Istanbul Tower 205 received the «Best Office in Progress» award in the «Sign of the City» competition from the Hürriyet newspaper and the European Property Awards in two categories: «Best Commercial Tall Building» and «Best Office Development».

In April 2021, the Ukrainian creative agency Brain Tank created a new identity for BOSPHORUS Development.

In 2022, BOSPHORUS Development focused on its first project in Kyiv. However, in connection with the full-scale Russian invasion of Ukraine, the company suspended construction work and directed its efforts to humanitarian aid.

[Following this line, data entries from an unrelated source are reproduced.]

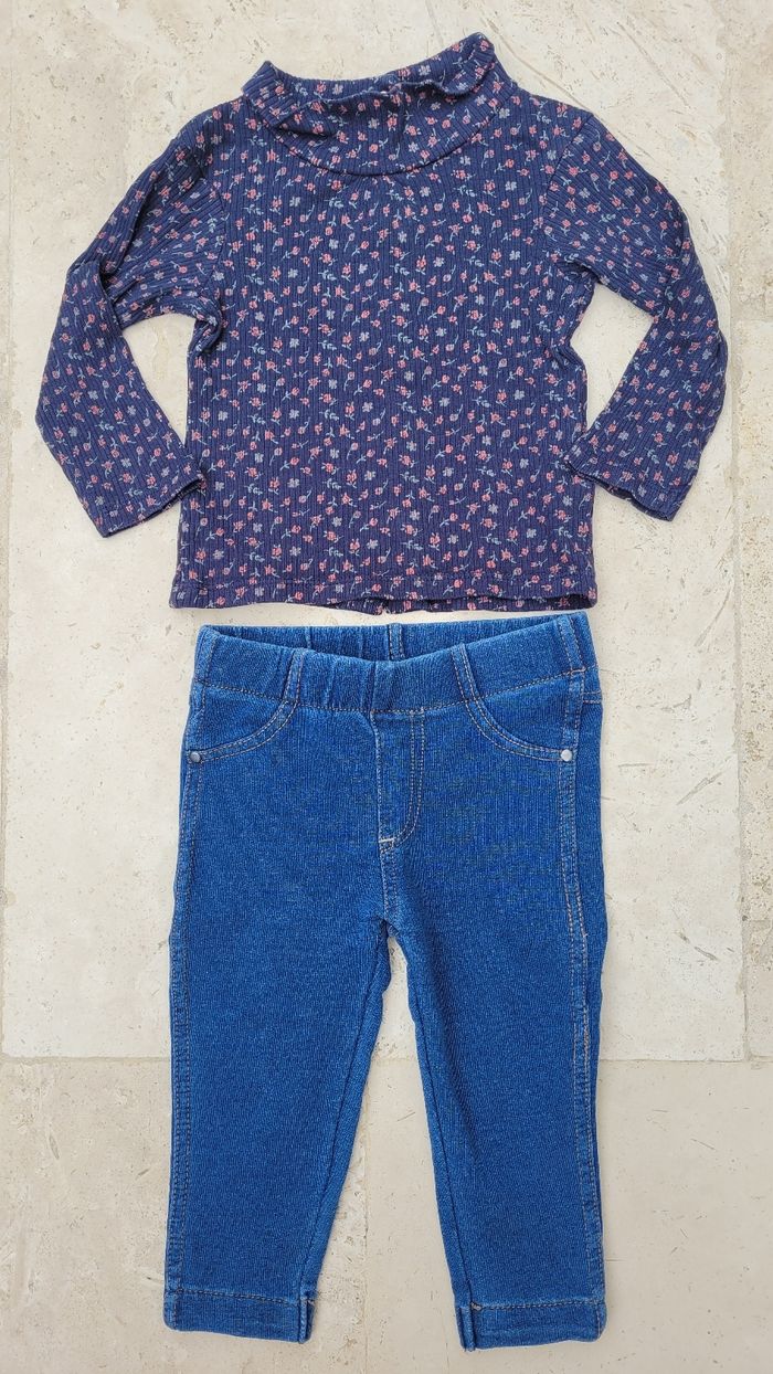 Haut ML verbaudet bleu à fleurs 🌸 et jegging zeeman. 9mois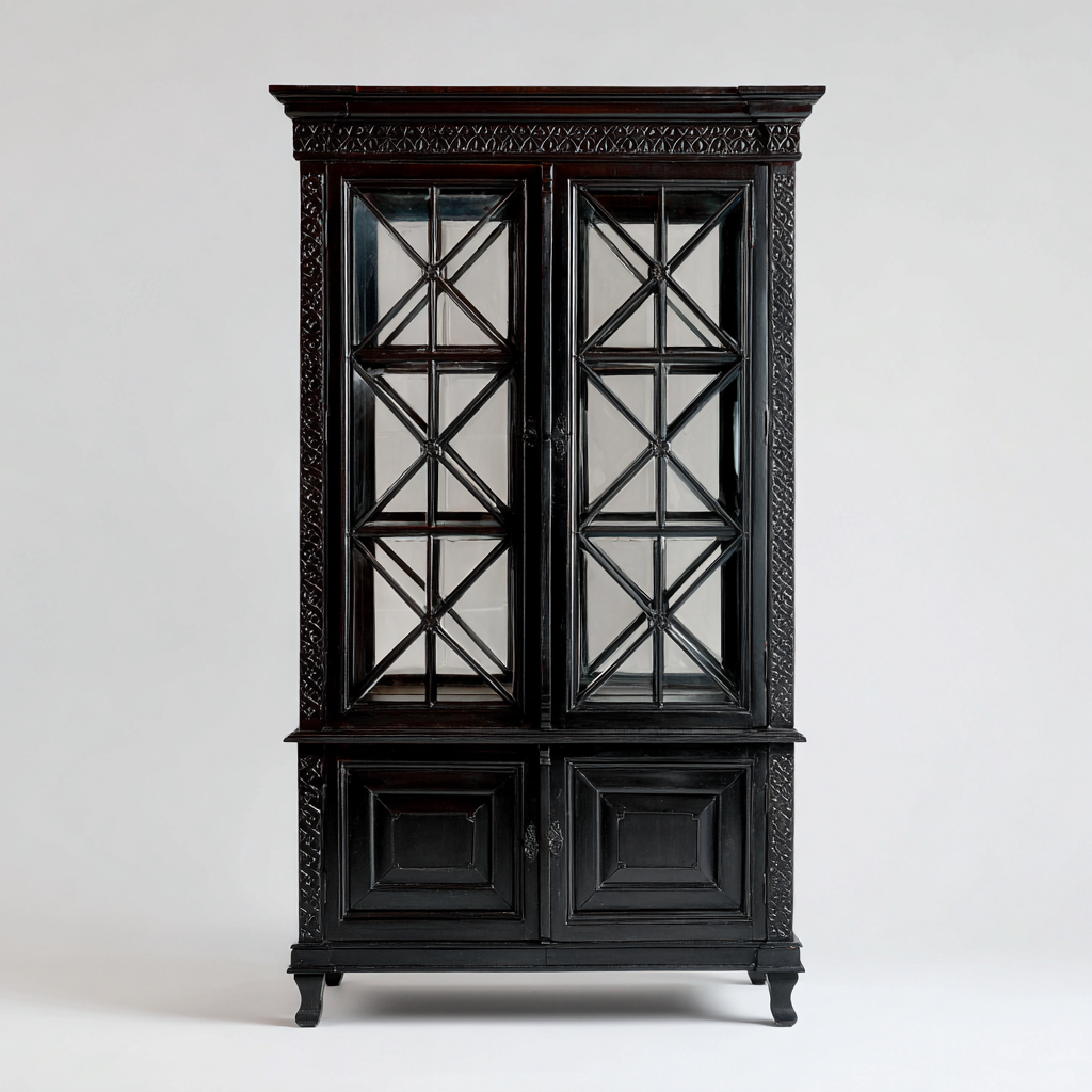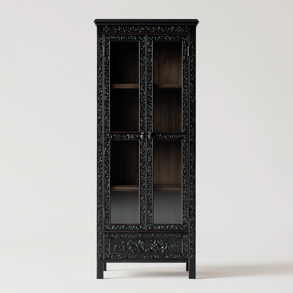 Vetrina in legno intagliato 75x40x185 cm - nero - adatta per soggiorno - design classico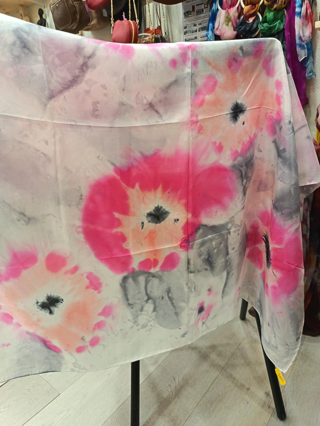 Carré de soie fushia et noir Fleurs Églantine
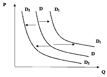 Існує принципова різниця між зміною величини попиту (обсягу попиту) і зміною попиту (попиту в цілому). Якщо при зменшенні ціни від Попит на товар визначається всією кривою попиту (D). У процесі розвитку економічного життя попит на різні товари постійно змінюється. Якщо на попит впливають нецінові фактори, то відбувається зміна попиту в цілому, тобто попит на певний товар змінюється (збільшується чи зменшується) при кожному значенні ціни (

In October 2022, BOSPHORUS Development was part of the delegation representing Ukraine at Expo Real in Munich.

On May 11, 2023, the architectural and construction business forum «Rebuilding the country. A strategy of change for architects, developers and builders», where BOSPHORUS Development acted as a partner of the event, which brought together more than 4,000 guests.

In June 2023, in partnership with RIEL company BOSPHORUS Development started building the first residential complex of business class Maxima Residence in Pechersk district of Kyiv, Ukraine.